El semáforo se puso verde. Kimura aceleró. Del asiento trasero venía el sonido de un bolígrafo escribiendo. Asakawa estaba tomando notas. A Kimura le entraron náuseas. ¿Por qué lo recordaba tan vivamente? Tragó la amarga bilis que se le había acumulado y trató de luchar contra la náusea.

—¿Y cuál ha dicho que fue la causa de la muerte? —preguntó Asakawa.

—Un ataque al corazón.

¿Un ataque al corazón? ¿Fue ese realmente el dictamen del forense? Creía que ya no usaban ese término.

—Tendré que confirmar eso, y también la fecha y la hora —murmuró Asakawa mientras seguía tomando notas—. Es decir, ¿no había ninguna herida externa en ningún sitio?

—Eso es, ninguna en absoluto. Fue solamente el shock. Pero… bueno, creo que debería haber sido yo el que tuvo un shock, ¿no?

—¿Qué?

—Bueno, quiero decir… El muerto tenía una cara de susto terrible.

Asakawa sintió que su mente cerraba una conexión. Al mismo tiempo, una voz interior rechazaba que hubiera ninguna relación entre los dos incidentes. Una simple coincidencia, eso era todo.

Apareció delante de él la estación de Shinbaba, de la línea de ferrocarril ligero Keihin-Kyuko.

—En el siguiente semáforo tuerza a la izquierda y déjeme allí, por favor.

El taxi paró y se abrió la puerta. Asakawa le tendió dos billetes de mil yenes y una de sus tarjetas de visita.

—Me llamo Asakawa.

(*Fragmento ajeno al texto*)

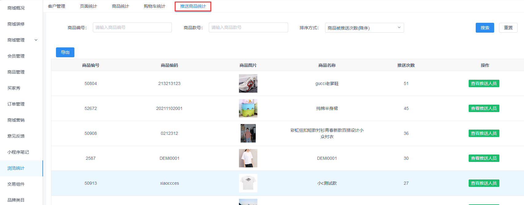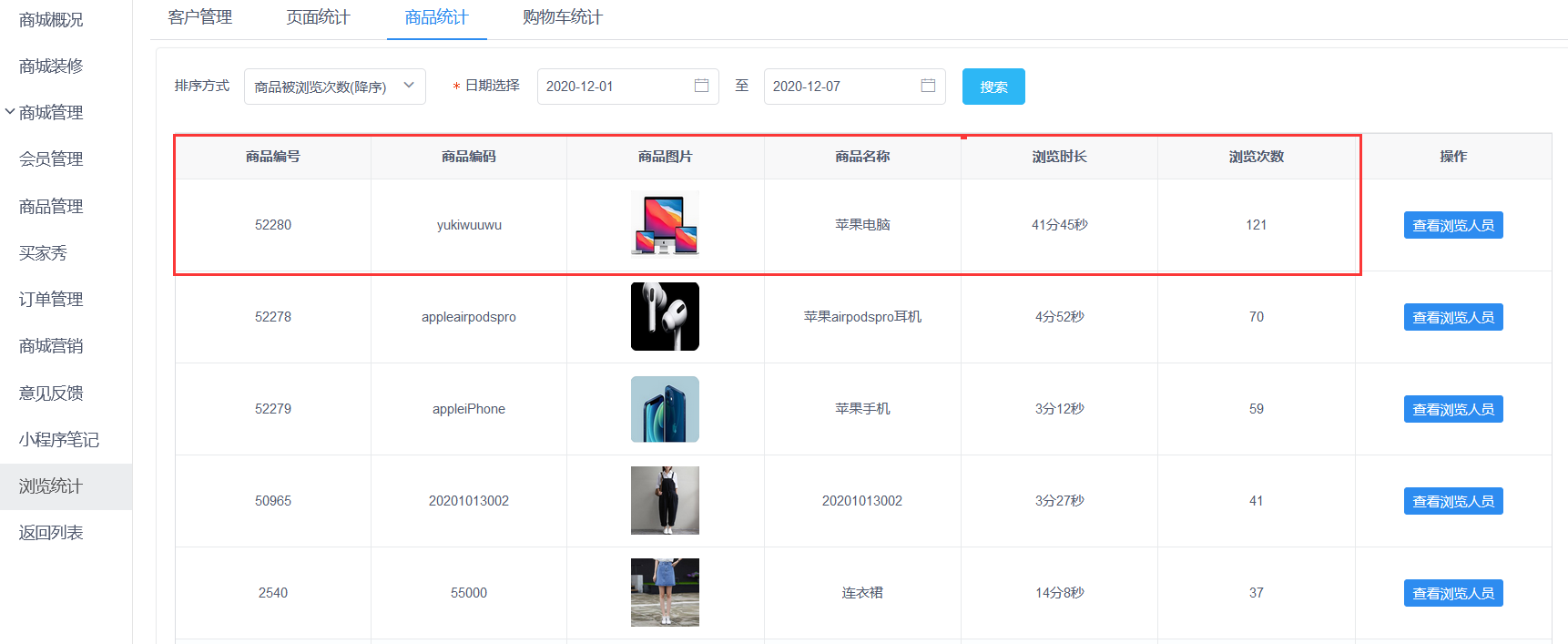 3.2商品统计页面可以查看所有商品,浏览时长和浏览次数。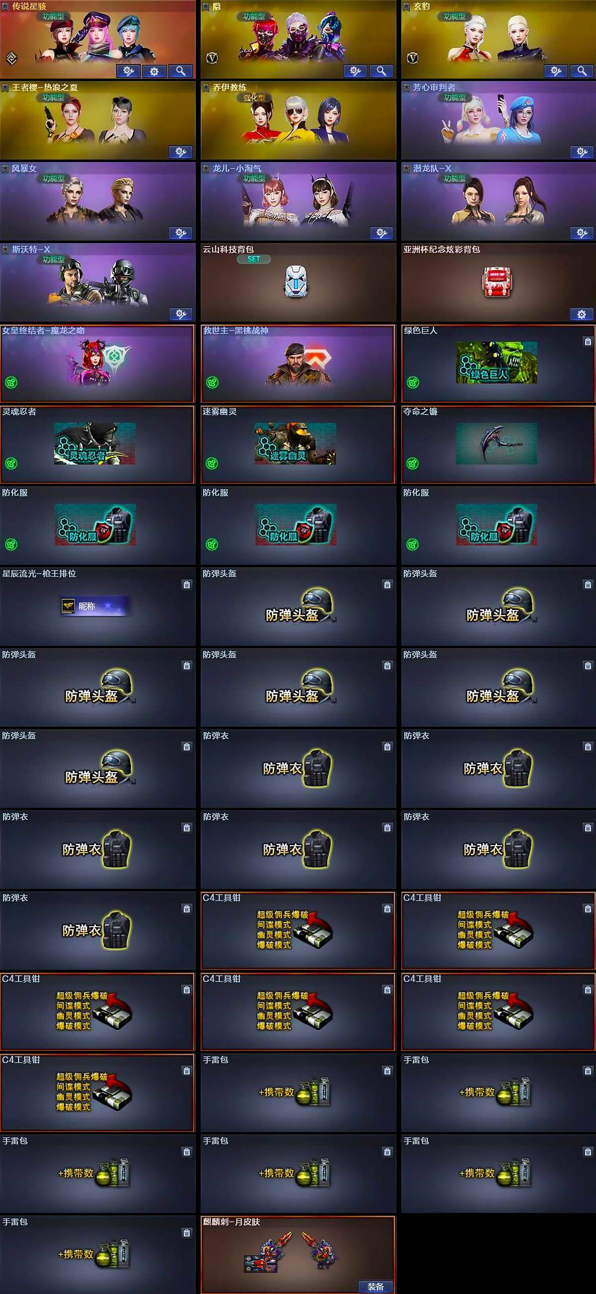 【道具】:云山科技背包,亚洲杯纪念炫彩背包,女皇终结者-魔龙之吻,救世主-黑桃战神,绿色巨人,灵魂忍者,迷雾幽灵,夺命之镰,防化服*3,星辰流光-枪王排位,防弹头盔*6,防弹衣*6,C4工具钳*6,手雷包*6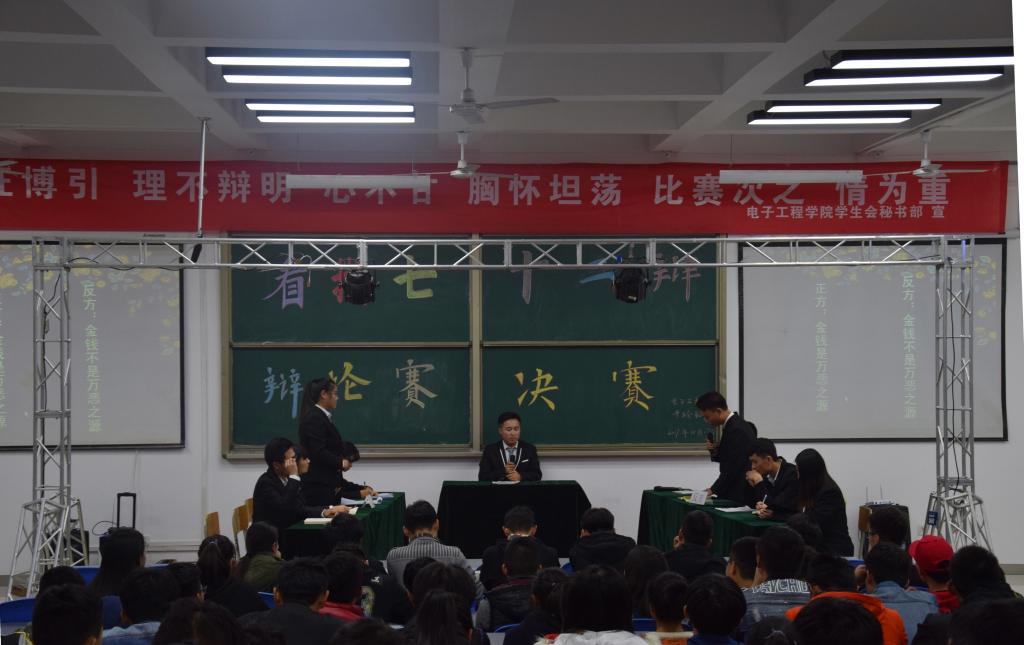 世界上最具有威力的三大武器:口才、金钱、核弹,其中以口才居首位,辩论能激发个人潜能,提高对问题的审思,更能实现跨灵感界限的沟通。1117日晚,电子工程公司在阶梯二教室举办“看我七十二辩”新生辩论赛活动。旨在提高同学们的思辩能力、锻炼思维、增强自信、培养创新和团队精神,提高口语表达能力以及分析解决问题的能力。
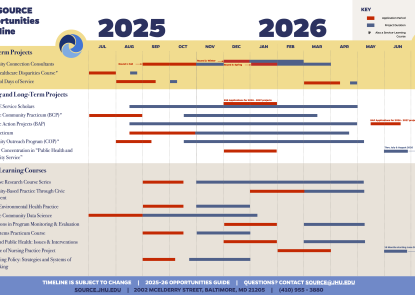Click on the boxes below to learn more about the different opportunities for collaboration. Each section contains full details regarding the timing for all of our programs, one-time projects, and courses. You can also click on the Opportunities Timeline for a visual aid to refer to when planning for possible engagement with students, faculty, and staff at the Johns Hopkins health professional schools via SOURCE.
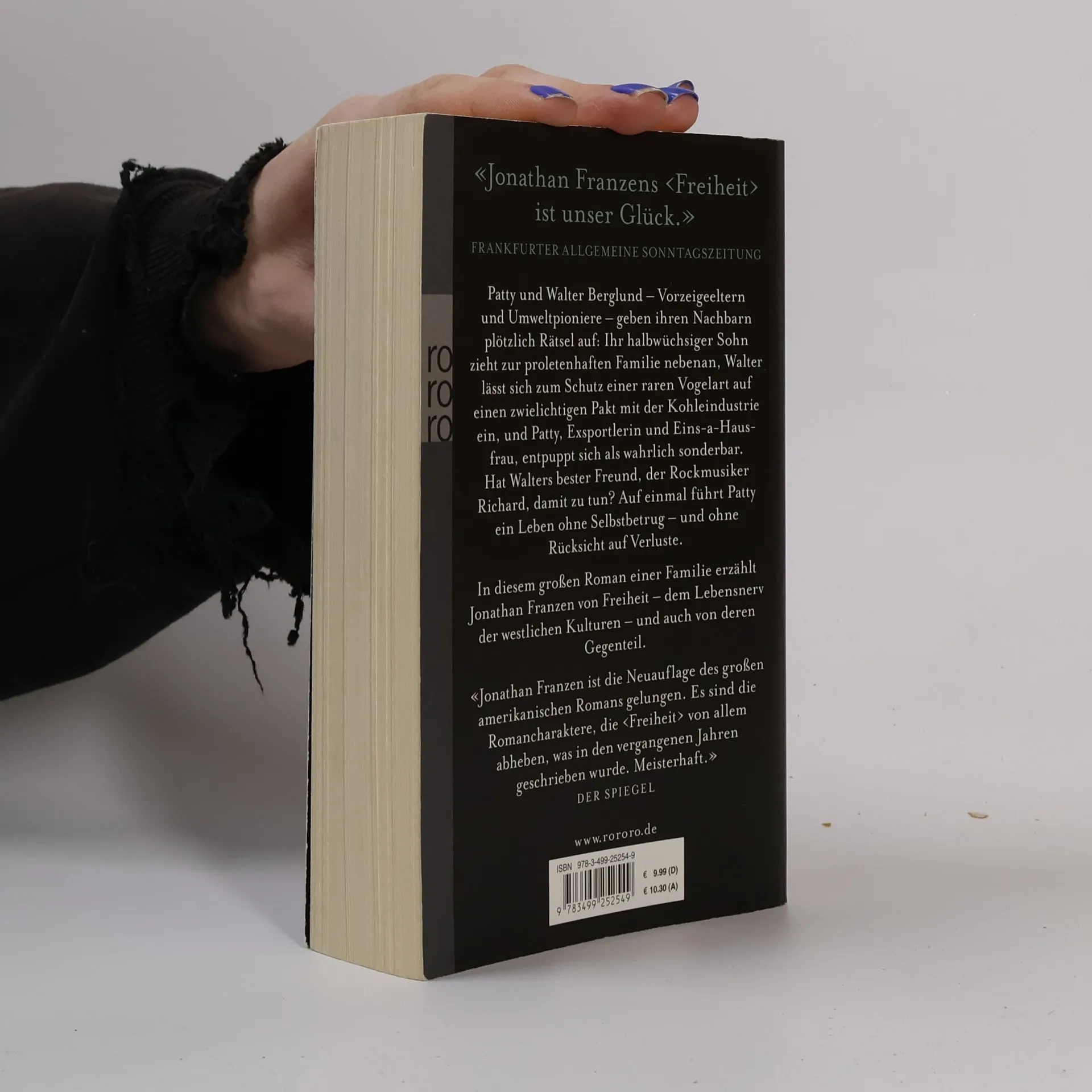 Patty und Walter Berglund – Vorzeigeeltern und Umweltpioniere – geben ihren Nachbarn plötzlich Rätsel auf: Ihr halbwüchsiger Sohn zieht zur proletenhaften Familie nebenan, Walter lässt sich zum Schutz einer raren Vogelart auf einen zwielichtigen Pakt mit der Kohleindustrie ein, und Patty, Exsportlerin und Eins-a-Hausfrau, entpuppt sich als wahrlich sonderbar. Hat Walters bester Freund, der Rockmusiker Richard, damit zu tun? Auf einmal führt Patty ein Leben ohne Selbstbetrug – und ohne Rücksicht auf Verluste. In diesem großen Roman einer Familie erzählt Jonathan Franzen von Freiheit – dem Lebensnerv der westlichen Kulturen – und auch von deren Gegenteil.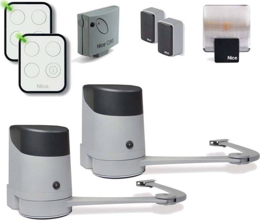NICE HOPP to kompletny zestaw dedykowany do automatyzacji bram skrzydłowych o długości skrzydła do 2,4 i wadze do 250 kg.

Trabajo para la compañía de El Heraldo. Si no le importa, me gustaría hablar de esto en detalle más adelante.

—Por mí vale —dijo Kimura, con voz agradecida. Por algún motivo, sentía que aquella era su misión.

—Le llamaré mañana o pasado.

—¿Quiere mi número?

—No se preocupe, ya he anotado el nombre de su compañía. Veo que no está lejos.

Asakawa salió del taxi y estaba a punto de cerrar la puerta cuando dudó un instante. Sintió un miedo innombrable ante la posibilidad de que se confirmara lo que acababa de oír. «Quizá no debería meterme en nada raro. Podría volver a ocurrir lo de la otra vez». Pero una vez despierto su interés, no podía dejarlo sin más. Lo sabía demasiado bien. Le preguntó a Kimura por última vez:

—El chico… se retorcía de dolor e intentaba quitarse el casco, ¿no?